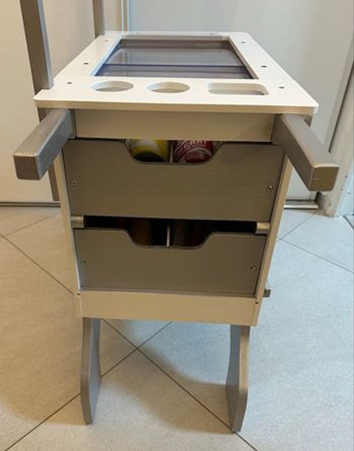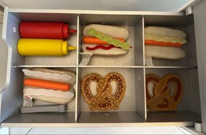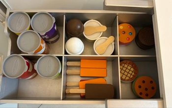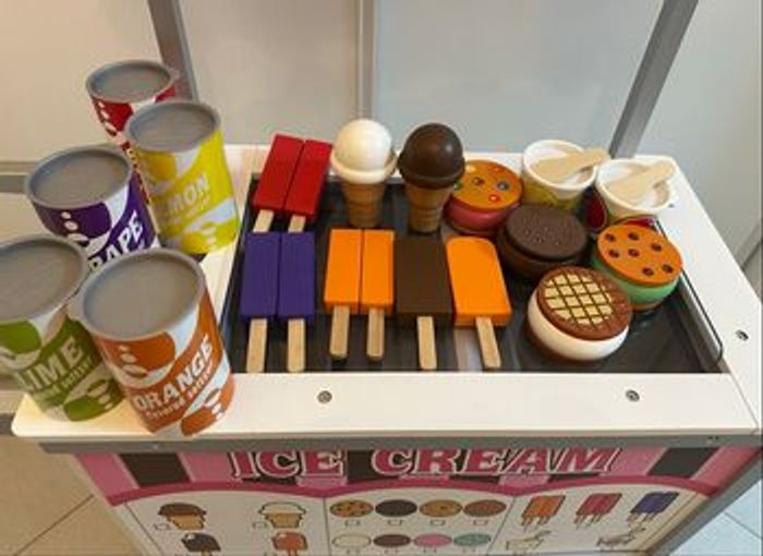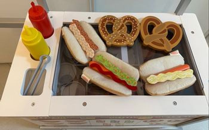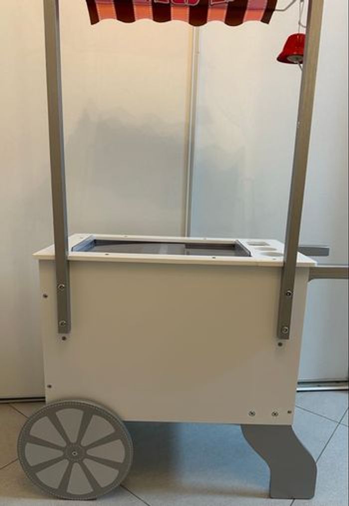 Un chariot roulant, réversible, combiné pour la vente de glaces et de hot-dogs. Cette marchande en bois pour enfant comprend un chariot d'aliments avec tiroirs fonctionnels, un auvent réversible, une clochette, un menu réutilisable, 5 cannettes de boissons gazeuses avec couvercles, ketchup et sauce brune, 2 bretzels et pinces, 3 hot-dogs, 3 petits pains avec 6 garnitures, 2 coupes à glace avec couvercles et cuillères, 2 cornets de glace, 8 sucettes glacées, 12 pièces de sandwich de crème glacée à réaliser soi-même.
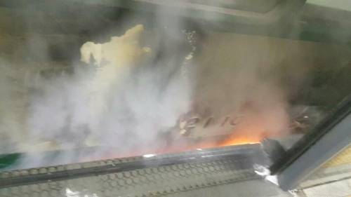 달리는 지하철에서 불이 나 승객들이 대피하는 소동이 벌어졌다.
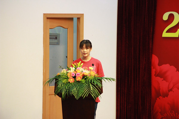 经管系庄秋园作为毕业生代表发言,她回忆了大学三年的美好时光,同时对老师、同学,和母校表达了感激之情,她从一个懵懂的花季少年成长为一位合格的大学毕业生,更报名参加了2016年的西部志愿者计划,今后她将仍然坚持做自己喜欢和适合的事情,早日实现梦想。
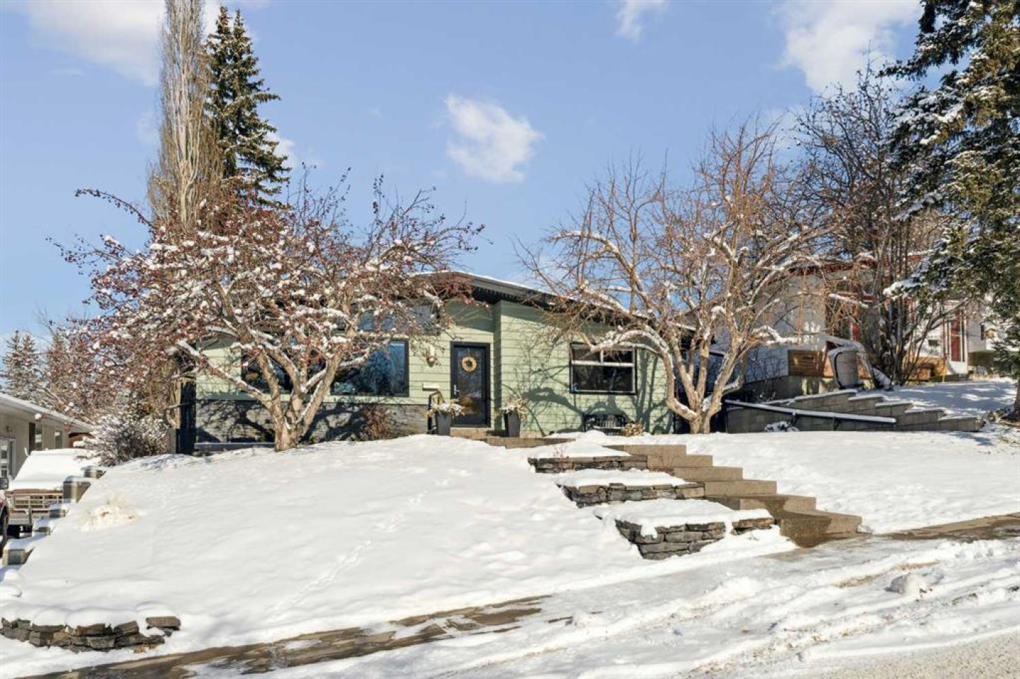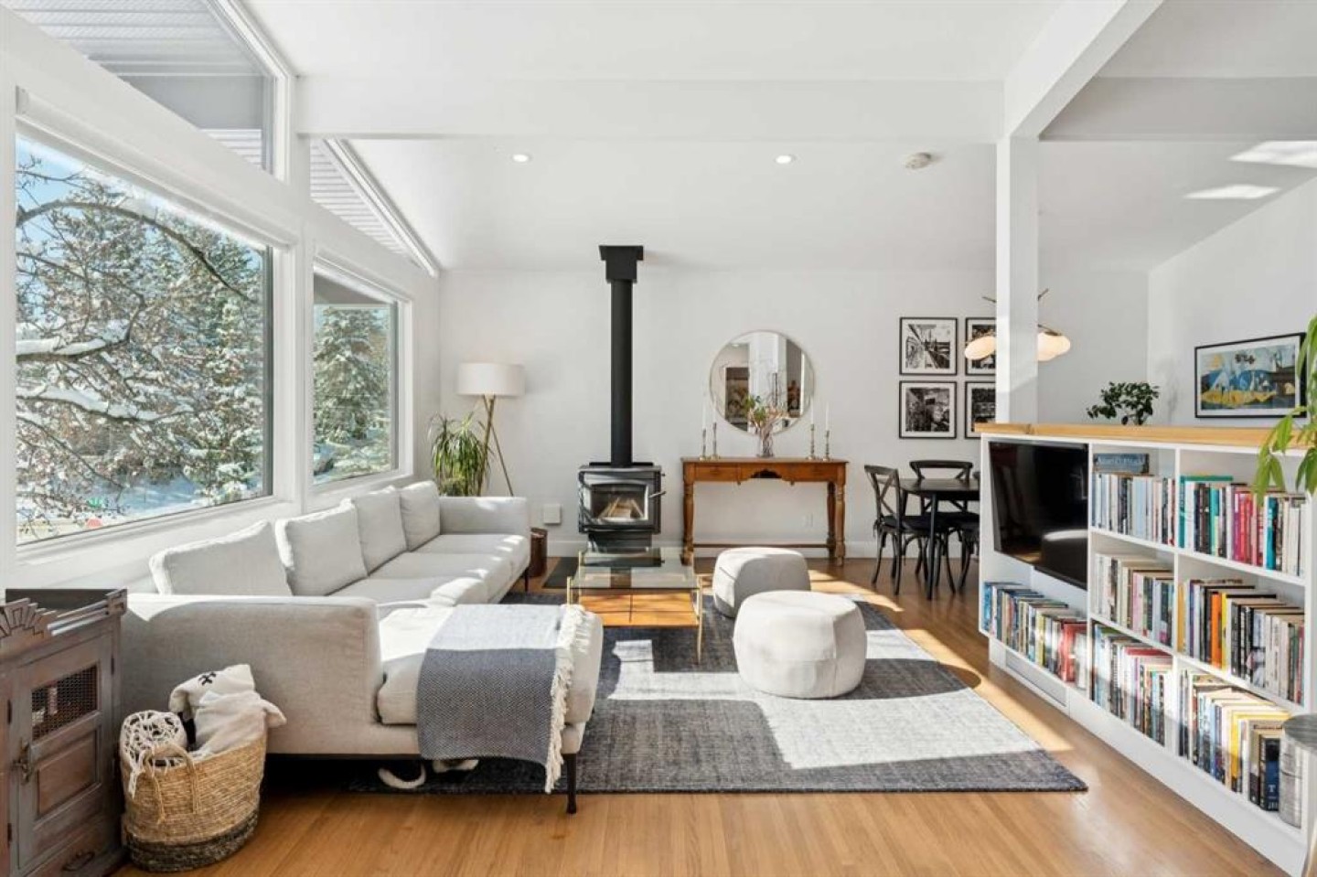 Nestled in sought-after Charleswood, this fully renovated South-facing four-bedroom bungalow offers exceptional walkability for families, professionals, or downsizers. Completed in 2021 by Harrison Pierce Homes, the comprehensive renovation blends quality craftsmanship with thoughtful, modern design. The bright layout features a vaulted ceiling in the living room and kitchen, 4 bedrooms, 2 full bathrooms, and a powder room, offering flexibility for growing families, guests, or a dedicated home office. The bungalow design provides easy, functional living with generous space across both levels. Upgrades include triple-pane windows, window dressings, added insulation for enhanced energy efficiency, a new hot water tank, water softener, new kitchen appliances and cabinets, oak hardwood flooring on the main level, and luxury vinyl plank downstairs. Layered lighting includes extensive pot-lights throughout and pendant lights. From the street, the house boasts excellent curb appeal, with wide composite stairs leading to the entrance, framed by two beautiful mature trees. Outside is a well-sized, landscaped backyard offering plenty of room for children, pets, or entertaining, complete with a spacious deck. The single detached garage provides secure parking and additional storage. This charming home is close to Alberta’s top-ranked public schools, including Banff Trail Elementary School, Branton Middle School, and William Aberhart High School (French immersion), Collingwood Elementary School, Senator Patrick Burns Middle School (Spanish bilingual) and the University of Calgary. Just steps from the C-Train Station, Brentwood Village, and Triwood Community Association, you’ll enjoy seamless access to transit, recreation, and amenities. Outdoor enthusiasts will love being within walking distance to Confederation Park and Nose Hill Park, offering year-round recreation just minutes from your door. A rare opportunity to own an immaculate, move-in-ready home in one of Calgary’s most established and connected inner-city communities.
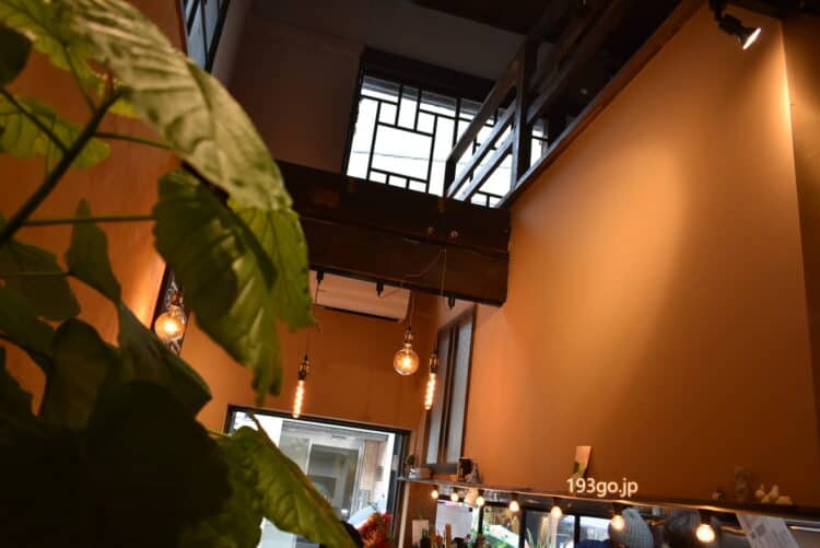 植物が置かれた木の温もりを感じるおしゃれカフェ。ペンダントライトも可愛い!
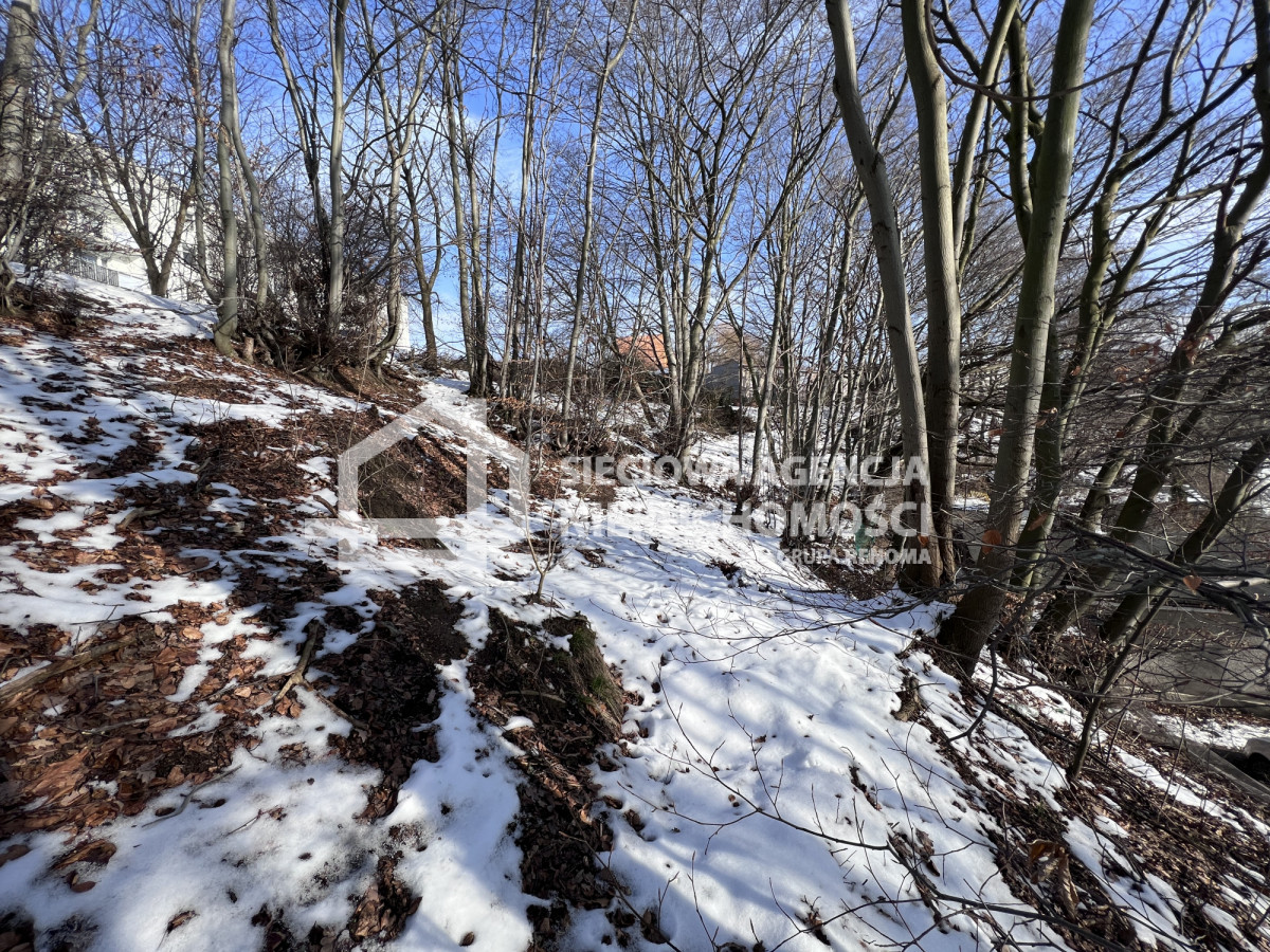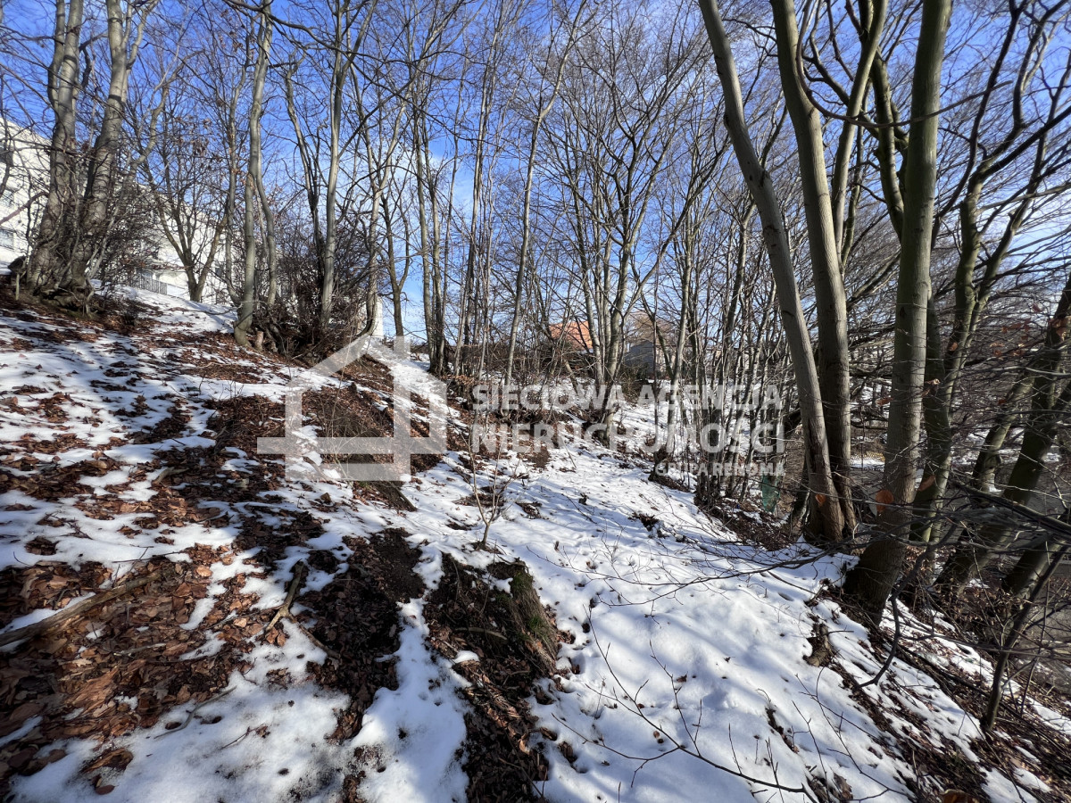 Teren nachylony, zalesiony.
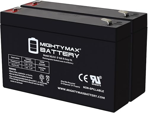 Mighty Max Battery 6V, 9Ah, AGM, F2 Terminal, Replacement Battery Compatible with B&B BP7-6 - 2 Pack
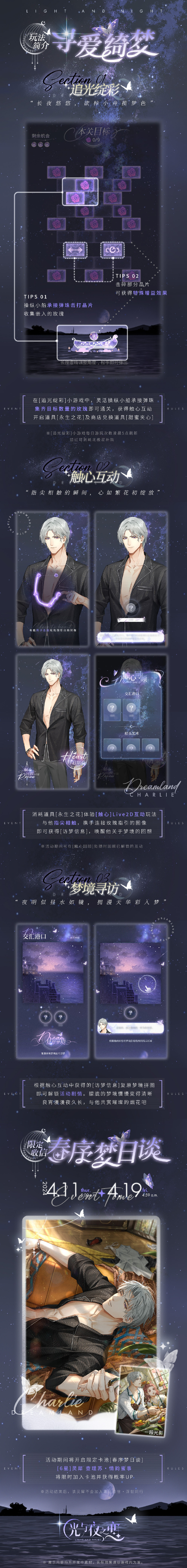 活动说明:韶光密语,怦然而动。流光熠熠,将梦的边陲照亮……参与活动即可体验专属剧情,获得活动限定 [3星]灵犀 查理苏·春意予你、朋友圈封面、专属头像框、登录语音等奖励。
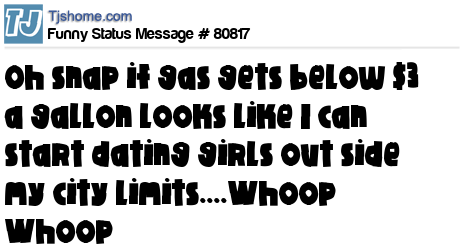 X says Oh snap if gas gets below $3 a gallon looks like I can start dating girls out side my city limits....Whoop Whoop
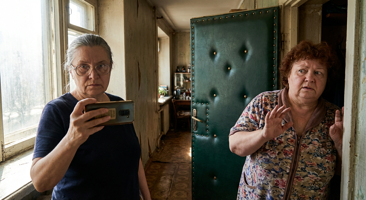 Ольга Николаевна спокойно подошла к двери. В руках у неё был телефон. Она включила камеру.
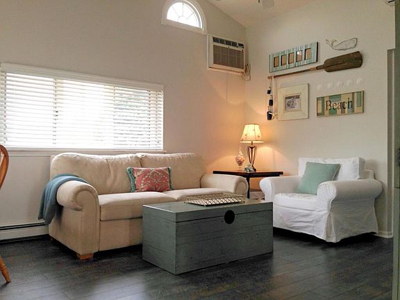 This beautifully furnished and decorated cottage is on owned land and only a short walk to the beach. Home features a bright open floor plan with skylight, larger bathroom, washer, dryer, stainless steel appliances, dishwasher, split-duct air conditioning, hot water baseboard heat, wood look laminate and ceramic tile floors.
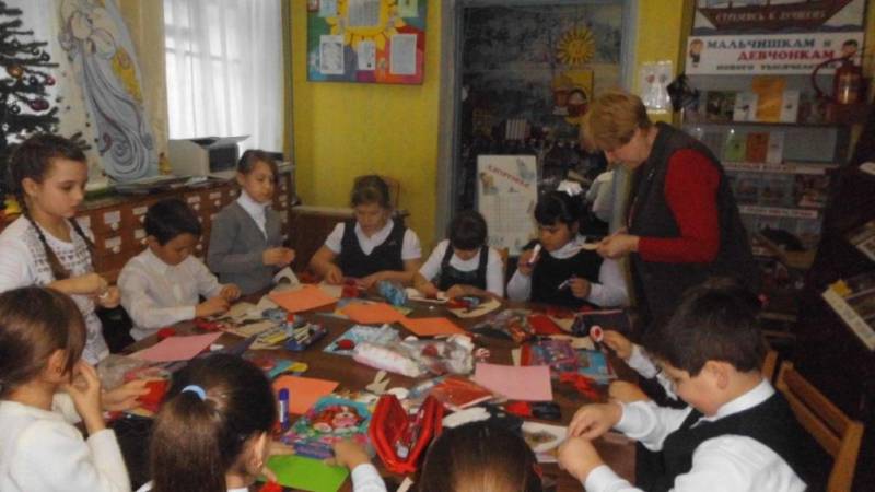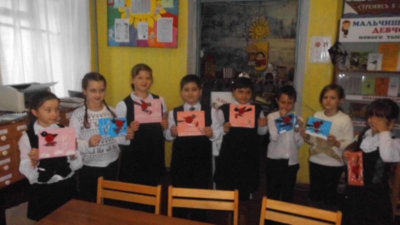 | (Урок творчества) 12.01.17г., РДБ, МБОУСОШ №1, 2 класс, 11 человек. 12 января, в районной детской библиотеке состоялось очередное заседание клуба «Мастерская чудес», на котором ребята совместно с библиотекарем сделали открытку в технике «коллаж» из картона, цветной бумаги, салфеток. Цель этого мероприятия - дать уникальную возможность раскрыть творческие способности ребенка и стремление к эксперименту. Ребята сначала определили свой художественный замысел, а затем воплотили его в своей открытке, при этом используя свои творческие способности. Работа была выполнена аккуратно, оригинально. | |
---*---
TASK DETAILS
Write every line of the data out again exactly, leaving out all images.

TASK RESPONSE
 Un chariot roulant, réversible, combiné pour la vente de glaces et de hot-dogs. Cette marchande en bois pour enfant comprend un chariot d'aliments avec tiroirs fonctionnels, un auvent réversible, une clochette, un menu réutilisable, 5 cannettes de boissons gazeuses avec couvercles, ketchup et sauce brune, 2 bretzels et pinces, 3 hot-dogs, 3 petits pains avec 6 garnitures, 2 coupes à glace avec couvercles et cuillères, 2 cornets de glace, 8 sucettes glacées, 12 pièces de sandwich de crème glacée à réaliser soi-même.
 달리는 지하철에서 불이 나 승객들이 대피하는 소동이 벌어졌다.
 经管系庄秋园作为毕业生代表发言,她回忆了大学三年的美好时光,同时对老师、同学,和母校表达了感激之情,她从一个懵懂的花季少年成长为一位合格的大学毕业生,更报名参加了2016年的西部志愿者计划,今后她将仍然坚持做自己喜欢和适合的事情,早日实现梦想。
 Nestled in sought-after Charleswood, this fully renovated South-facing four-bedroom bungalow offers exceptional walkability for families, professionals, or downsizers. Completed in 2021 by Harrison Pierce Homes, the comprehensive renovation blends quality craftsmanship with thoughtful, modern design. The bright layout features a vaulted ceiling in the living room and kitchen, 4 bedrooms, 2 full bathrooms, and a powder room, offering flexibility for growing families, guests, or a dedicated home office. The bungalow design provides easy, functional living with generous space across both levels. Upgrades include triple-pane windows, window dressings, added insulation for enhanced energy efficiency, a new hot water tank, water softener, new kitchen appliances and cabinets, oak hardwood flooring on the main level, and luxury vinyl plank downstairs. Layered lighting includes extensive pot-lights throughout and pendant lights. From the street, the house boasts excellent curb appeal, with wide composite stairs leading to the entrance, framed by two beautiful mature trees. Outside is a well-sized, landscaped backyard offering plenty of room for children, pets, or entertaining, complete with a spacious deck. The single detached garage provides secure parking and additional storage. This charming home is close to Alberta’s top-ranked public schools, including Banff Trail Elementary School, Branton Middle School, and William Aberhart High School (French immersion), Collingwood Elementary School, Senator Patrick Burns Middle School (Spanish bilingual) and the University of Calgary. Just steps from the C-Train Station, Brentwood Village, and Triwood Community Association, you’ll enjoy seamless access to transit, recreation, and amenities. Outdoor enthusiasts will love being within walking distance to Confederation Park and Nose Hill Park, offering year-round recreation just minutes from your door. A rare opportunity to own an immaculate, move-in-ready home in one of Calgary’s most established and connected inner-city communities.
 植物が置かれた木の温もりを感じるおしゃれカフェ。ペンダントライトも可愛い!
 Teren nachylony, zalesiony.
 Mighty Max Battery 6V, 9Ah, AGM, F2 Terminal, Replacement Battery Compatible with B&B BP7-6 - 2 Pack
 活动说明:韶光密语,怦然而动。流光熠熠,将梦的边陲照亮……参与活动即可体验专属剧情,获得活动限定 [3星]灵犀 查理苏·春意予你、朋友圈封面、专属头像框、登录语音等奖励。
 X says Oh snap if gas gets below $3 a gallon looks like I can start dating girls out side my city limits....Whoop Whoop
 Ольга Николаевна спокойно подошла к двери. В руках у неё был телефон. Она включила камеру.
 This beautifully furnished and decorated cottage is on owned land and only a short walk to the beach. Home features a bright open floor plan with skylight, larger bathroom, washer, dryer, stainless steel appliances, dishwasher, split-duct air conditioning, hot water baseboard heat, wood look laminate and ceramic tile floors.
 | (Урок творчества) 12.01.17г., РДБ, МБОУСОШ №1, 2 класс, 11 человек. 12 января, в районной детской библиотеке состоялось очередное заседание клуба «Мастерская чудес», на котором ребята совместно с библиотекарем сделали открытку в технике «коллаж» из картона, цветной бумаги, салфеток. Цель этого мероприятия - дать уникальную возможность раскрыть творческие способности ребенка и стремление к эксперименту. Ребята сначала определили свой художественный замысел, а затем воплотили его в своей открытке, при этом используя свои творческие способности. Работа была выполнена аккуратно, оригинально. | |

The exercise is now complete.